● THE TASK
Using the entries that follow, write out the line containing "in Tsjetsjenië tonen.", the line containing "(2000s) A ferocious", and every line between them, exactly and nothing else.

● SUPPLIED DATA
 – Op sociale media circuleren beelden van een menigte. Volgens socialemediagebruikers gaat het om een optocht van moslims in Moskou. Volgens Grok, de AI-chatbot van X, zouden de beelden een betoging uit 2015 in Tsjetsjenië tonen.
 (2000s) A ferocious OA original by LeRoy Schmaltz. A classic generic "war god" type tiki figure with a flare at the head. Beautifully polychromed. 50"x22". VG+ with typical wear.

--

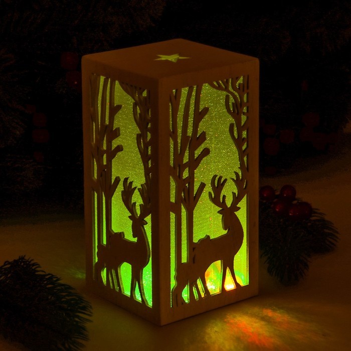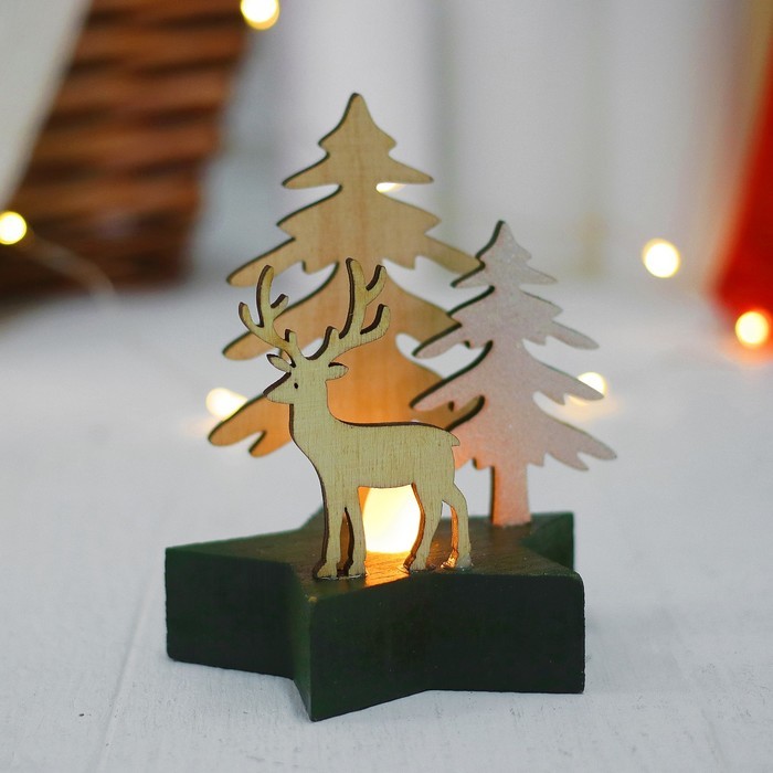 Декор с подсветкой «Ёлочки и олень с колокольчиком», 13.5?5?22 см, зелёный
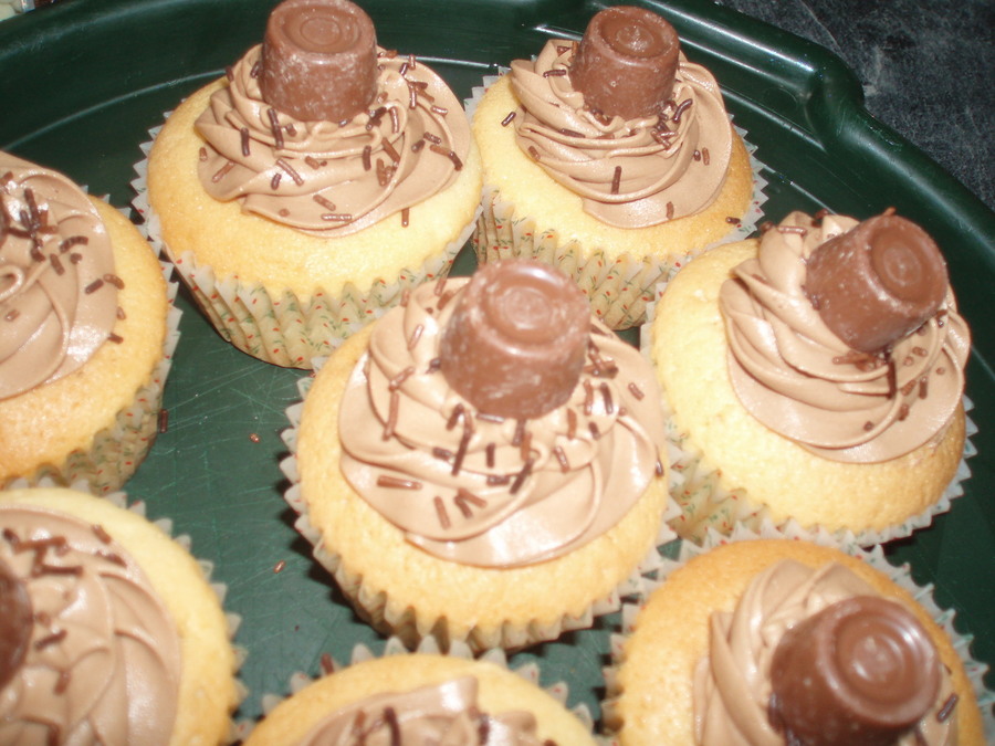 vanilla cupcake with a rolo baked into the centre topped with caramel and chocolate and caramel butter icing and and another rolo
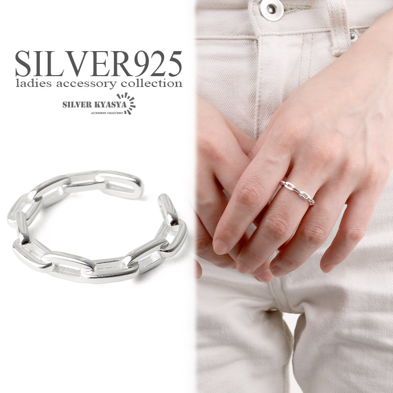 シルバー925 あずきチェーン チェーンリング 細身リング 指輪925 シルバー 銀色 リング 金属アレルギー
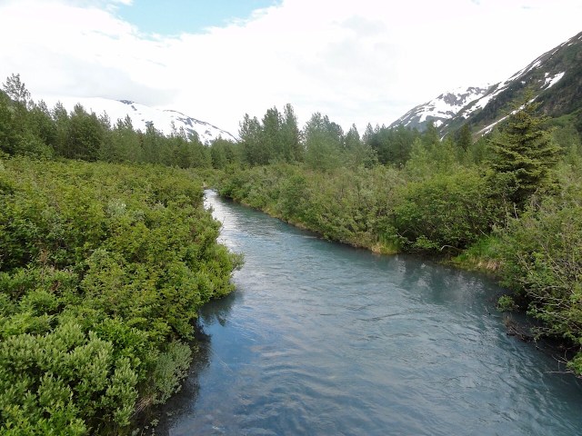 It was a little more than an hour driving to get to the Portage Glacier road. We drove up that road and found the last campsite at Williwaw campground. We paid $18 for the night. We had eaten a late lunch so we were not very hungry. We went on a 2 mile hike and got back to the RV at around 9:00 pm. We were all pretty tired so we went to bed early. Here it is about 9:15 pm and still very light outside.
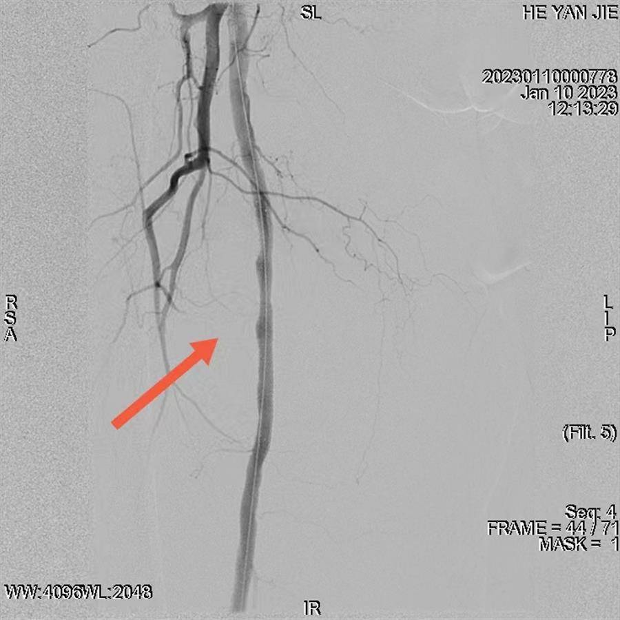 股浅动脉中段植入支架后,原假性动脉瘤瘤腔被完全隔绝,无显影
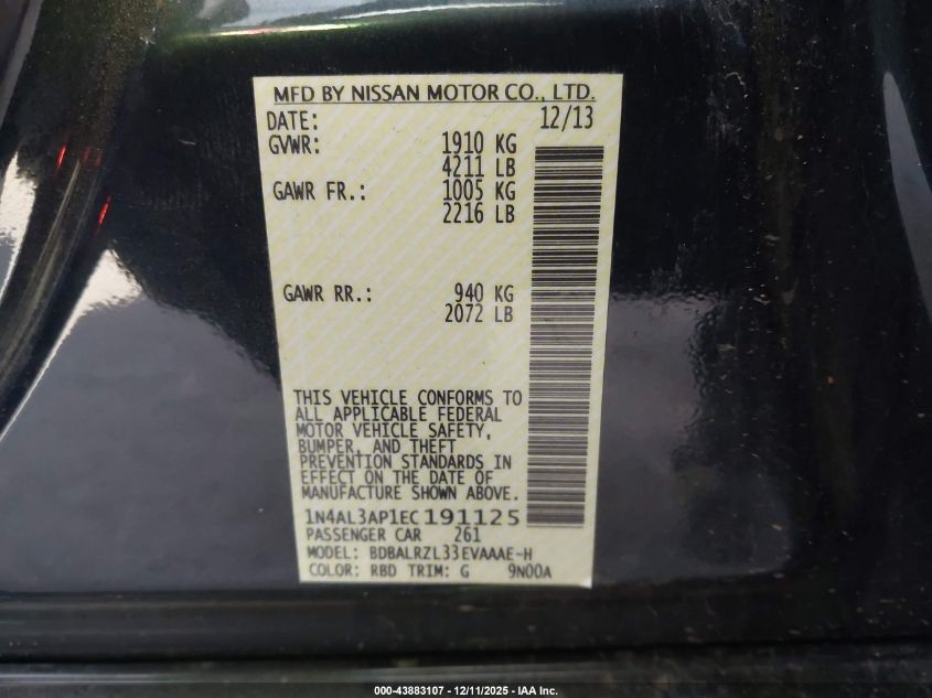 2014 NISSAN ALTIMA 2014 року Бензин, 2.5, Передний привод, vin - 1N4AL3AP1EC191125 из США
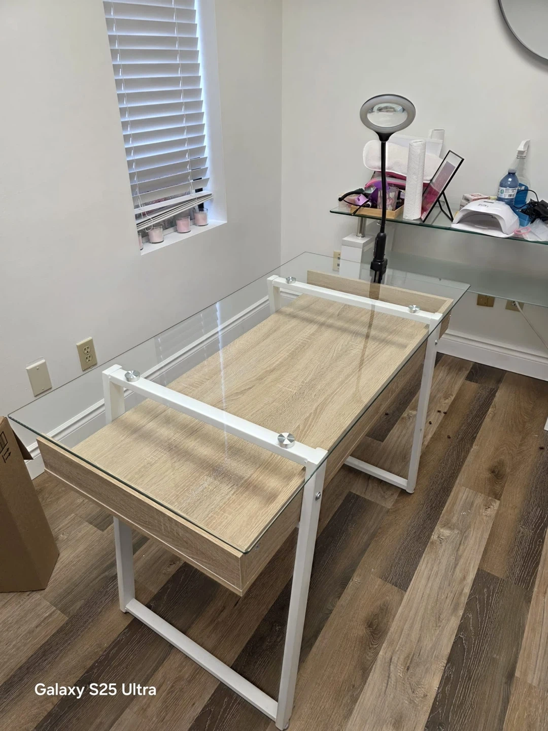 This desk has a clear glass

● WRITTEN RESPONSE
 – Op sociale media circuleren beelden van een menigte. Volgens socialemediagebruikers gaat het om een optocht van moslims in Moskou. Volgens Grok, de AI-chatbot van X, zouden de beelden een betoging uit 2015 in Tsjetsjenië tonen.
 (2000s) A ferocious OA original by LeRoy Schmaltz. A classic generic "war god" type tiki figure with a flare at the head. Beautifully polychromed. 50"x22". VG+ with typical wear.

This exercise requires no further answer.